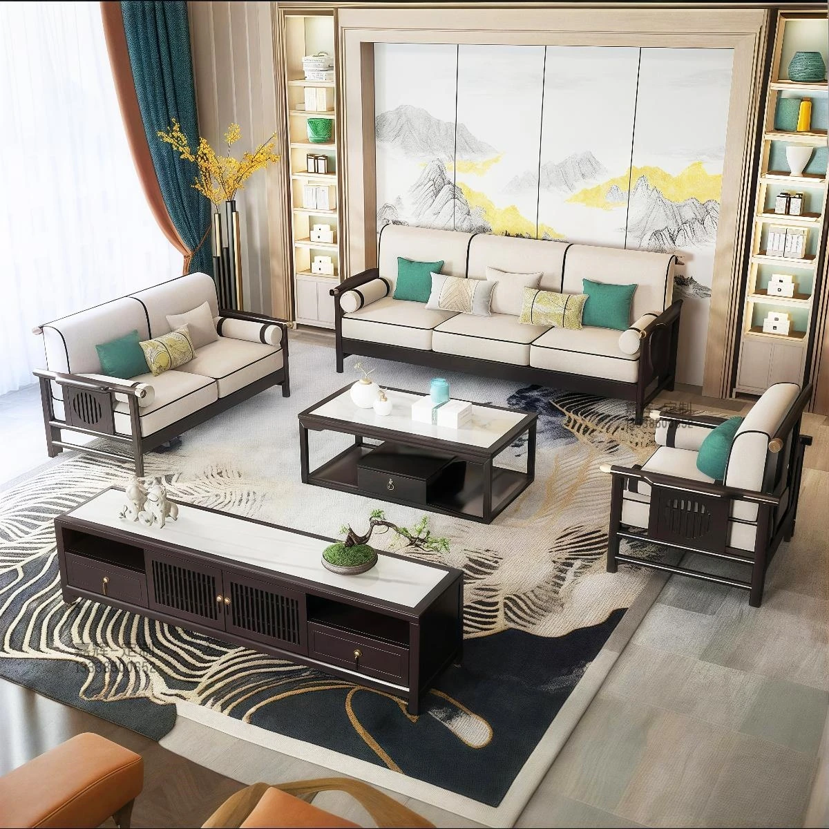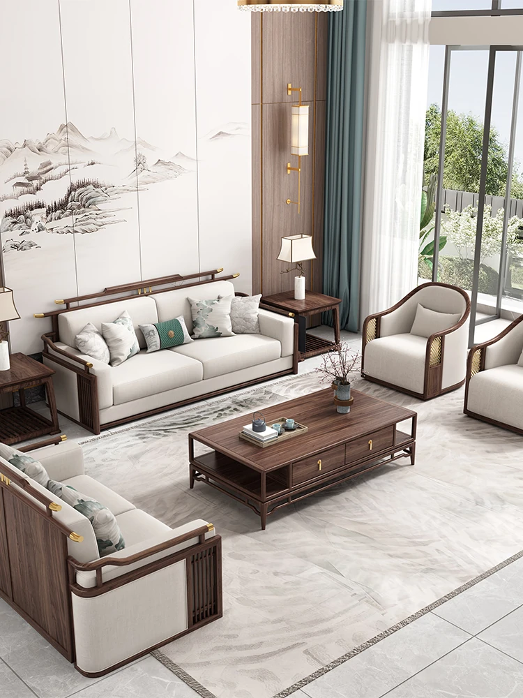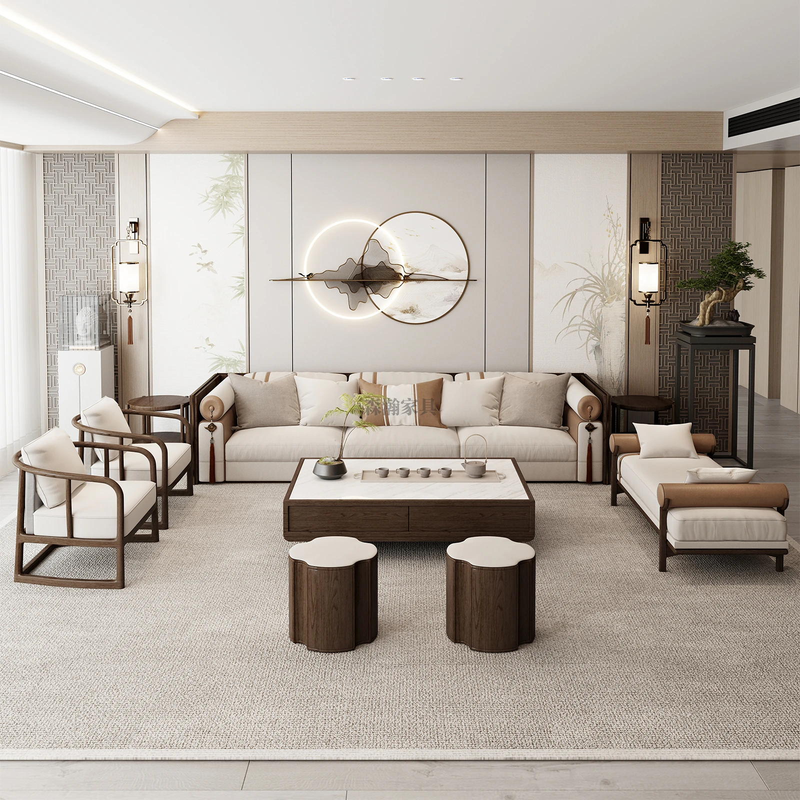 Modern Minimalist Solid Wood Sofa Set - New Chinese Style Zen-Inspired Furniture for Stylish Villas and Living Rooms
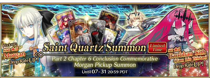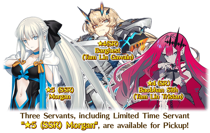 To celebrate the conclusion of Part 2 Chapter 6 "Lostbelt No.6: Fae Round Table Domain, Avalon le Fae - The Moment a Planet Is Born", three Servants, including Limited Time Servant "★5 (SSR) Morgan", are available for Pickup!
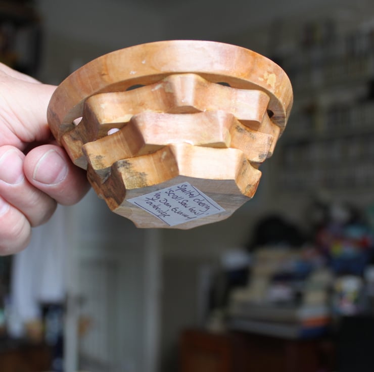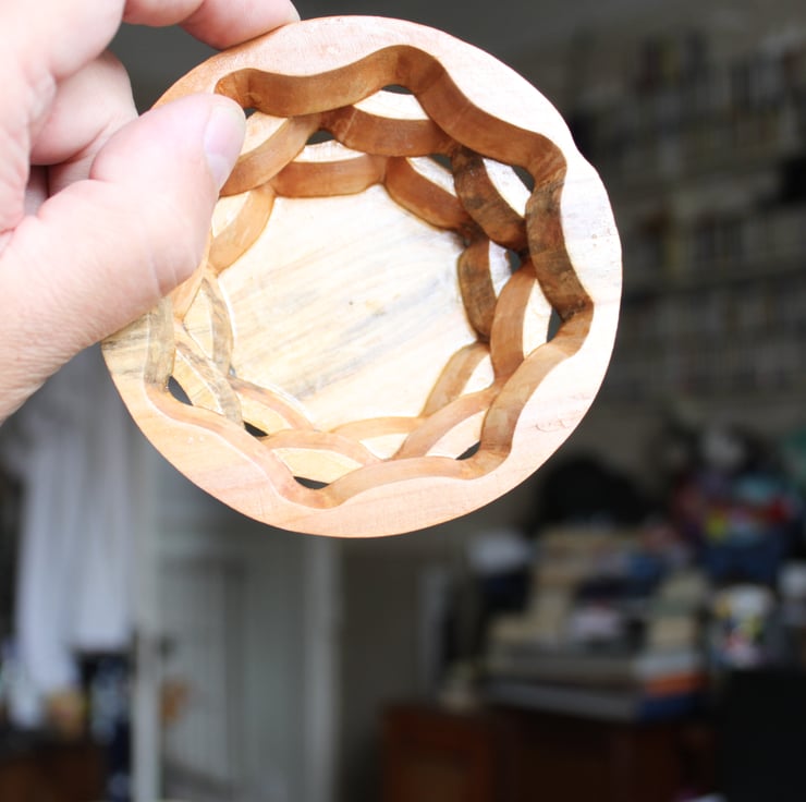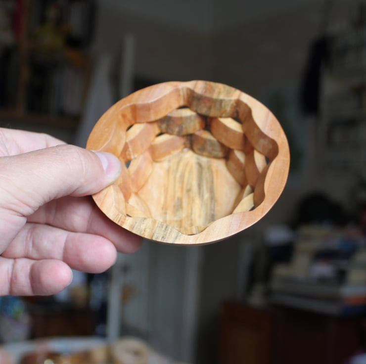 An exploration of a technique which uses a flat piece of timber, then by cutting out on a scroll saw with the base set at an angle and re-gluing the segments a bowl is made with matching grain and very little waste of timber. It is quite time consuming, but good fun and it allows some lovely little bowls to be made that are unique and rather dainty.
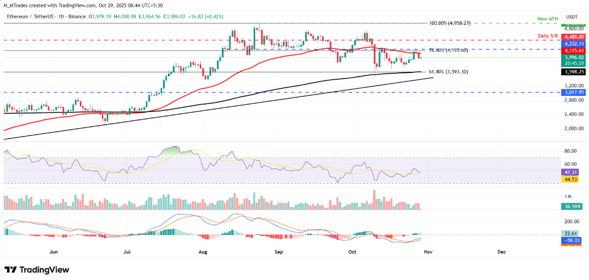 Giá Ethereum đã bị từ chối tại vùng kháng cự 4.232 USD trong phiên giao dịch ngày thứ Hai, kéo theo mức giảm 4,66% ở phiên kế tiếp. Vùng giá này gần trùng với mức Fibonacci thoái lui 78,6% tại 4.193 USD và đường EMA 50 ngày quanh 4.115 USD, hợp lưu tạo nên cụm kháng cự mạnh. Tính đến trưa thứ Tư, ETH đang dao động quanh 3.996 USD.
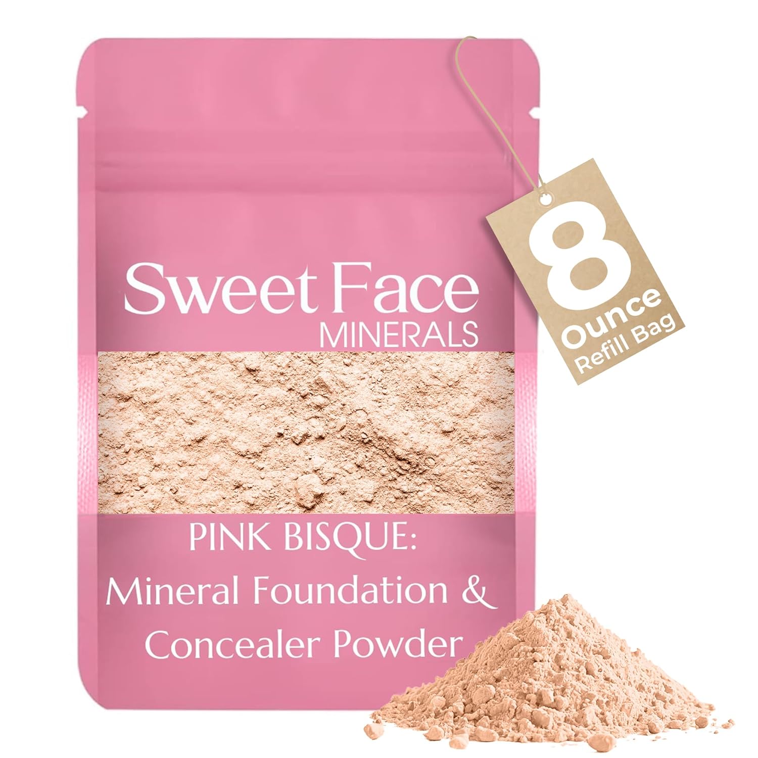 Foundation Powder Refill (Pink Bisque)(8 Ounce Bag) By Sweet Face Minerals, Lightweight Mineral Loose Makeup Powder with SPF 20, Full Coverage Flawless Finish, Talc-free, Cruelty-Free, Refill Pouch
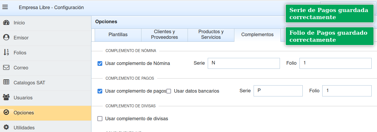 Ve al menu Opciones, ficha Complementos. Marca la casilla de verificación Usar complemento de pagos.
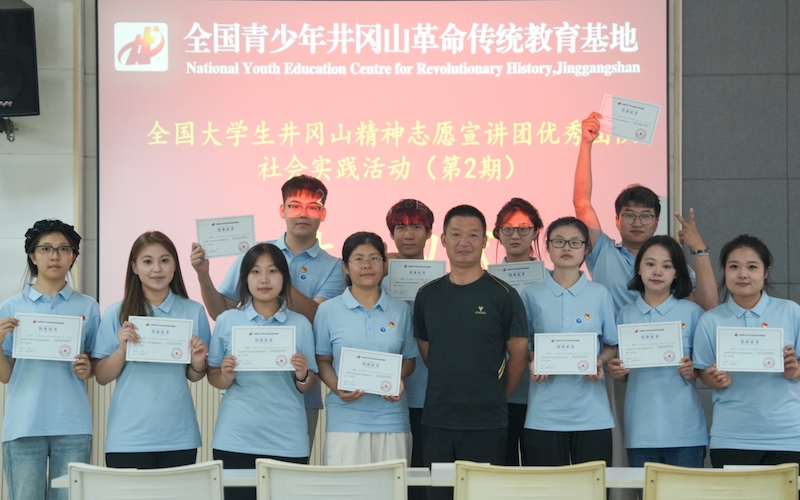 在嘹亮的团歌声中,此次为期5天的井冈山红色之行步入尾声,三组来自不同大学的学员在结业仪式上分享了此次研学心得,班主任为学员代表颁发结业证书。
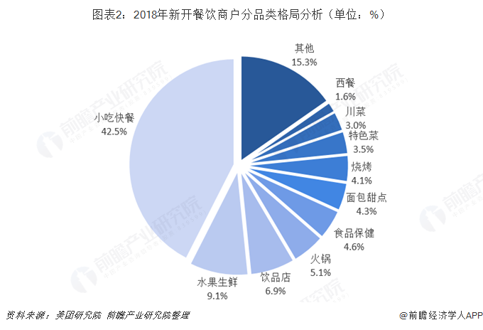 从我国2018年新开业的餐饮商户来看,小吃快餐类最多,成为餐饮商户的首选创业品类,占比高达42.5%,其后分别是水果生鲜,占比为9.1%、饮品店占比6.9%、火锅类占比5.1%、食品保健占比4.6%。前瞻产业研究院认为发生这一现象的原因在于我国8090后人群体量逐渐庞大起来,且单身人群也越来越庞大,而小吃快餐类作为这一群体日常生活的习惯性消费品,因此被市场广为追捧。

> TASK ITEM
What is needed is an exact transcription of every entry, minus the pictures.

> FINISHED EXERCISE
 Modern Minimalist Solid Wood Sofa Set - New Chinese Style Zen-Inspired Furniture for Stylish Villas and Living Rooms
 To celebrate the conclusion of Part 2 Chapter 6 "Lostbelt No.6: Fae Round Table Domain, Avalon le Fae - The Moment a Planet Is Born", three Servants, including Limited Time Servant "★5 (SSR) Morgan", are available for Pickup!
 An exploration of a technique which uses a flat piece of timber, then by cutting out on a scroll saw with the base set at an angle and re-gluing the segments a bowl is made with matching grain and very little waste of timber. It is quite time consuming, but good fun and it allows some lovely little bowls to be made that are unique and rather dainty.
 Giá Ethereum đã bị từ chối tại vùng kháng cự 4.232 USD trong phiên giao dịch ngày thứ Hai, kéo theo mức giảm 4,66% ở phiên kế tiếp. Vùng giá này gần trùng với mức Fibonacci thoái lui 78,6% tại 4.193 USD và đường EMA 50 ngày quanh 4.115 USD, hợp lưu tạo nên cụm kháng cự mạnh. Tính đến trưa thứ Tư, ETH đang dao động quanh 3.996 USD.
 Foundation Powder Refill (Pink Bisque)(8 Ounce Bag) By Sweet Face Minerals, Lightweight Mineral Loose Makeup Powder with SPF 20, Full Coverage Flawless Finish, Talc-free, Cruelty-Free, Refill Pouch
 Ve al menu Opciones, ficha Complementos. Marca la casilla de verificación Usar complemento de pagos.
 在嘹亮的团歌声中,此次为期5天的井冈山红色之行步入尾声,三组来自不同大学的学员在结业仪式上分享了此次研学心得,班主任为学员代表颁发结业证书。
 从我国2018年新开业的餐饮商户来看,小吃快餐类最多,成为餐饮商户的首选创业品类,占比高达42.5%,其后分别是水果生鲜,占比为9.1%、饮品店占比6.9%、火锅类占比5.1%、食品保健占比4.6%。前瞻产业研究院认为发生这一现象的原因在于我国8090后人群体量逐渐庞大起来,且单身人群也越来越庞大,而小吃快餐类作为这一群体日常生活的习惯性消费品,因此被市场广为追捧。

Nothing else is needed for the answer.